Polovick: (Sighs.) I would say I was taken aback. I think if I knew a little bit more about the situation, the hurdles that he has navigated and would navigate, I think if I would’ve known that, I would’ve been more concerned. But at the time, I was just very like, Huh, okay. It’s enough to give me pause. But I enjoyed his company enough that I was like, Okay!
Rosin: (Laughs.)
Polovick: This is good information.
Rosin: Yeah.
Polovick: I would like to proceed, but—
Rosin: Yeah.
Polovick: Maybe there’s a little bit of hesitation in my brain, but it’s okay. (Laughs.)
Rosin: The more serious things got between them, though, the more questions Maddie had.

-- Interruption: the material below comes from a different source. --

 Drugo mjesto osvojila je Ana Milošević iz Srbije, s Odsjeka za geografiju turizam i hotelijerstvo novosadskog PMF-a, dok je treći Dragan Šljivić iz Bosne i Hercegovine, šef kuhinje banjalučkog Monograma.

Polovick: And at least at that time, ’cause we weren’t talking about leaving America yet, at least, it was like—us staying in America was really the only thing that was on the table, so it was like, Okay, with the immigration stuff in particular, this is going to live with him, and am I okay with that? Am I okay with this becoming my life?

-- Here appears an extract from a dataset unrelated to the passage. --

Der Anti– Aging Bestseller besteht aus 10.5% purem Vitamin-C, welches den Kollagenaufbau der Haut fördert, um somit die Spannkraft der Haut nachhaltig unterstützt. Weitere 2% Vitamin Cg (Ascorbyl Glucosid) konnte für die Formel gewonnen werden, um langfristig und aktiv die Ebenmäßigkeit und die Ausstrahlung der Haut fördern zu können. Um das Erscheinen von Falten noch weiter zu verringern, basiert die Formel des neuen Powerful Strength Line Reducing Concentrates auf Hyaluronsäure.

Rosin: For Matt, that life had meant never being able to plan ahead, had meant applying for a job as a teenager and breaking down when the owners found out that he’d lied about his paperwork, and continuing to lie about his paperwork because what other choice did he have?
Matt’s life had always been precarious, which was tolerable when he was alone. But now, there was Maddie.
Borowski: Can you, for my sake—
Polovick: What?
Borowski: —elaborate on the whole derailing your life thing a little bit more?
Polovick: It was—
Borowski: Because I’m thinking about it again, and I’m thinking about those conversations.
Polovick: Yeah.
Borowski: So I need to be kind of—not reminded, but I almost wanna hear how close we were to not working.
Polovick: We were never close.
Borowski: But you know what I mean when I say that. Like—
Polovick: We were never close. (Sniffles.) I said this before, and I’ll say it again: When I met you and started falling in love with you, it felt like coming home after a really long time of being away.
Borowski: Yeah.
[Music]
Rosin: Maddie and Matt got married five years ago on a mountain peak in Colorado. It was just the two of them. They wore the same clothes that they’d worn on their first date, and they had a picnic of snacks from Trader Joe’s.